Joannes Chrysostomus Teniers, the religious name of Joannes Jacobus Teniers, also known as Jan Jacob or Jean-Jacques Teniers (1653–1709) was a Flemish preacher and poet. He was the abbot of the St. Michael's  Abbey in Antwerp and in that capacity also the Lord of Berendrecht and Santvliet.

Life
Joannes Chrysostomus Teniers was born in Antwerp, the son of Melchior Teniers and Maria de Backer. He was baptised there on 28 January 1653 with the birth name Joannes Jacobus Teniers.

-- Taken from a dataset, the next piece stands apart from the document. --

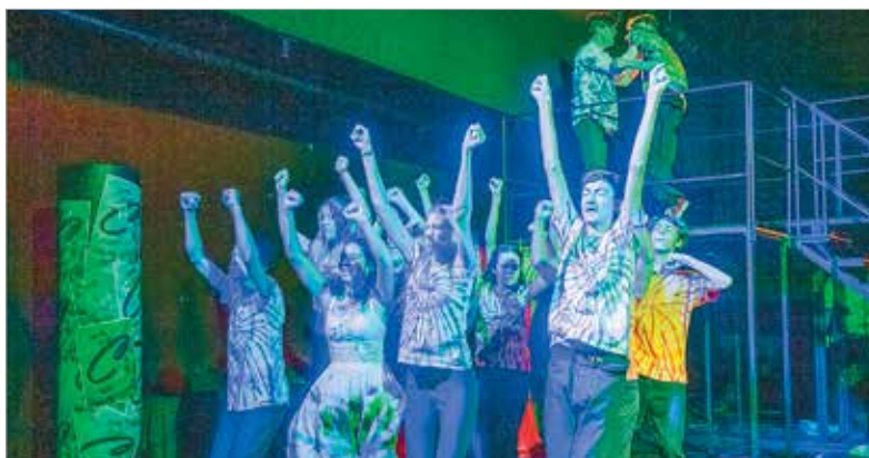
Amikor még kerek volt a világ

After studying the Liberal Arts at Leuven University Teniers entered St Michael's Abbey, Antwerp, a house of the Premonstratensian Order. He was professed on 17 January 1675, ordained 13 March 1677, and elected abbot 19 May 1687. As abbot he took the motto Tene Quod Bene ("Hold on to what is good", 1 Thessalonians 5, verse 21).

Teniers died in Antwerp on 30 November 1709. His portrait painted by Jan Erasmus Quellinus is in the collection of Tongerlo Abbey.

Writings
Teniers had some reputation as a preacher and a manuscript of his sermons for feastdays was preserved in the monastery library, as well as two volumes of his notes on the works of St Augustine.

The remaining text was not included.